I'm not a lawyer, but it's never too late to do the right thing.
 
12:17 PM
I know. I'm just saying that this is corporate. I'm not excusing it, only pointing out that if lawyers are involved, things are more complicated.
 
12:29 PM
@JeffSchaller the problem here is that the right thing for a company is often not the same as the right thing for the human beings involved
 
Why is this a legal matter? No money was involved. These are volunteer positions.
 
in this particular instance, I don’t think there’s much that SE have publicly said that’s really actionable, at least in terms of defamation (which might also explain why SE have never explained what Monica did to violate the terms of the CoC); but a proper apology would need to account for the real results of their actions, and that would be actionable
@FaheemMitha reputation is involved.
 
@StephenKitt Whose reputation? And what harm was done?

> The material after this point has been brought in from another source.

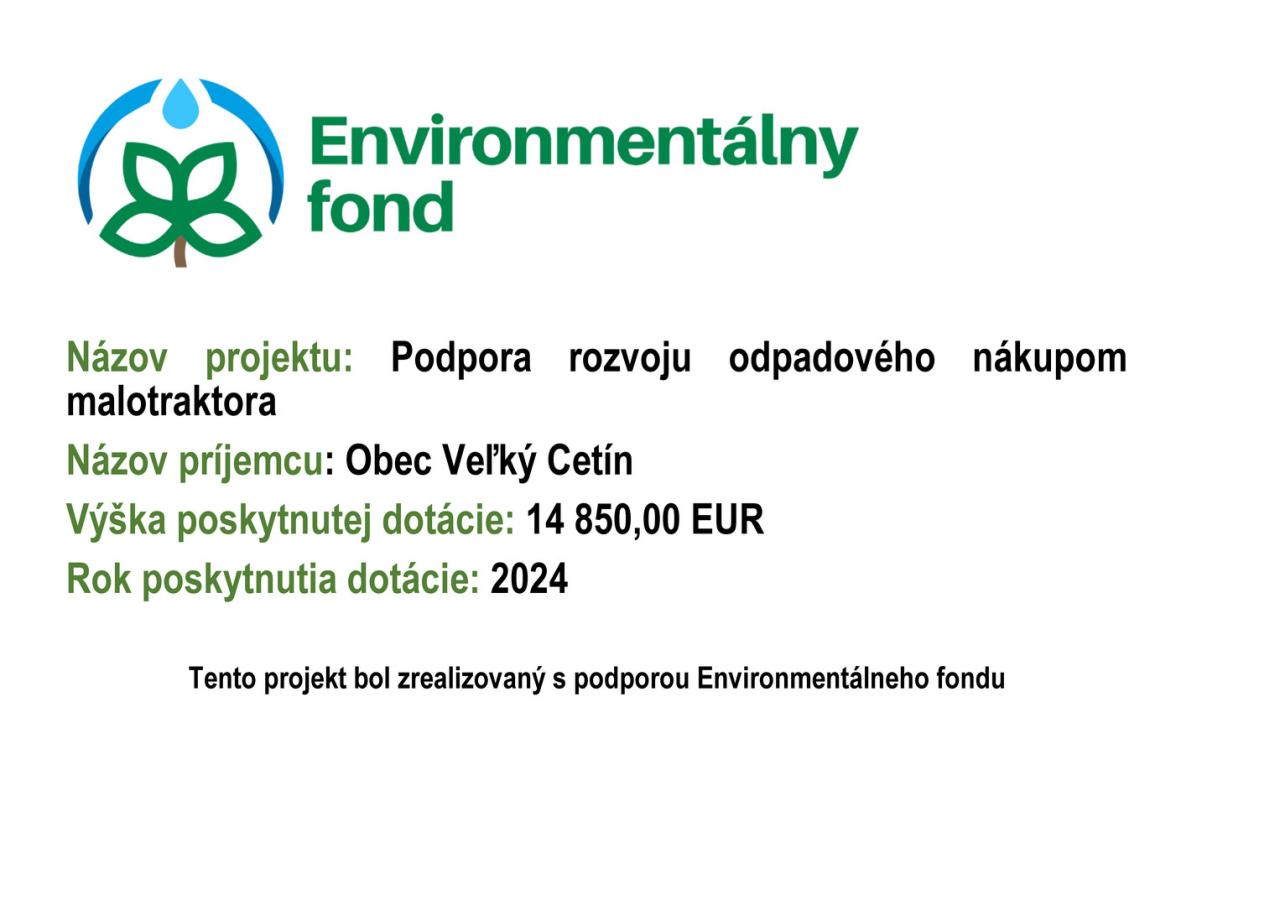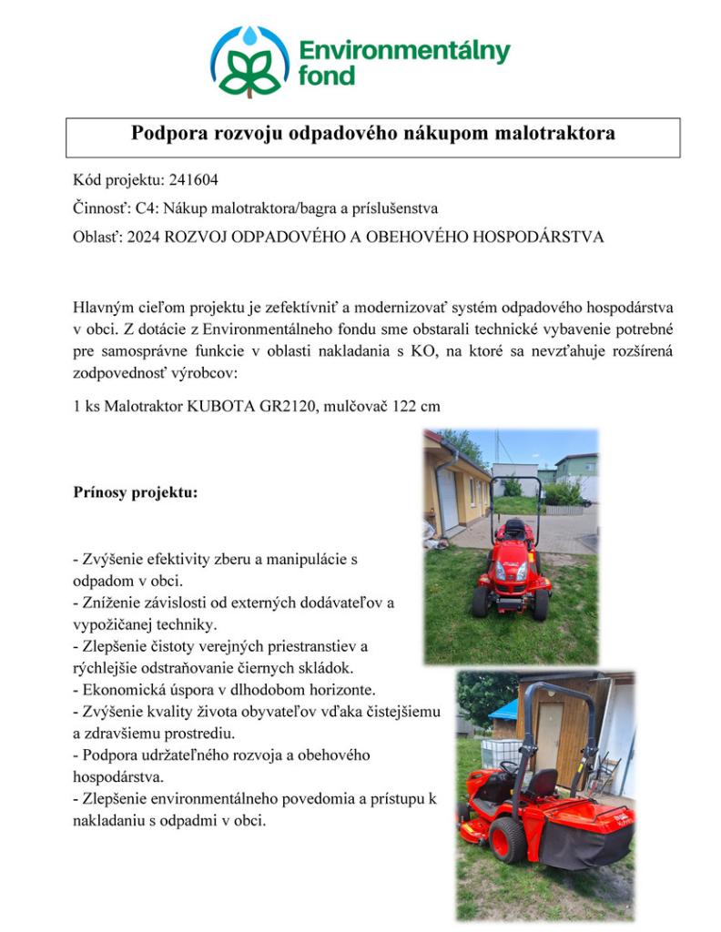 Podpora rozvoju odpadového nákupom malotraktora - Environmentálny fond

If you mean the moderator who was dismissed, nothing was actually said, as far as I know.
 
@FaheemMitha a lot was implied, and many people reacted to that (which makes the harm actual)
 
I mean, nothing was said regarding the dismissal. And I expect that SE is covered, in that the mods serve of the pleasure of the corporation. I'm sure that's written somewhere.
@StephenKitt Well, I'm not a lawyer, but the question seems to be whether that is actionable.

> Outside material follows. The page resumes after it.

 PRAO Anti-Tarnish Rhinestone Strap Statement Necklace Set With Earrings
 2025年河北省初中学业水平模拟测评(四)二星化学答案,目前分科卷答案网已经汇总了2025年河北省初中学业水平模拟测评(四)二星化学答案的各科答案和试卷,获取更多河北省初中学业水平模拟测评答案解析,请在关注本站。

I don't know enough to have an opinion.
My limited experience is that courts and lawyers are best avoided unless one is dealing with very serious stuff. And even then, one needs to consider whether the costs are worth it.
 
12:34 PM
@FaheemMitha exactly, that’s my point: so far I think that what SE have said provides little ammo for any action, even though the resulting harm is real
 
Of course, I live in a country where the courts don't really function, so that's my bias.
 
cas
they said she was dismissed for repeatedly violating the code of conduct. which means they said she repeatedly and deliberately mis-gendered people - that's not just an implication, that's what violating the CoC means.
 
@cas but they haven’t said what part of the CoC she violated, so it’s open to interpretation
 
I really have no idea what any court would make of this, but I really doubt it would be worth the trouble, unless someone else was paying the legal costs.
And maybe not even then.
 
Of course I agree with you that that is what the current situation implies, but I’m not sure it would hold up in a defamation lawsuit.
 
cas
12:36 PM
claiming that she repeatedly violated any part of of the CoC causes damage to her professional reputation, even if they refuse to specify which part of it she allegedly violated.
 
I agree; what I’m saying is that it’s really hard to go from that to something that will hold up in a defamation lawsuit (which are hard to prosecute).
 
cas
and, given that she was fired for asking questions about the new pronouns, it's an entirely reasonable (in the general sense and in the legal sense of that word) assumption that it was the new pronoun rule she was accused of violating.
defamation's not so hard. especially if you're in the UK or have some other reason to claim British jurisdiction (like, for example, publication of the defamation in the UK).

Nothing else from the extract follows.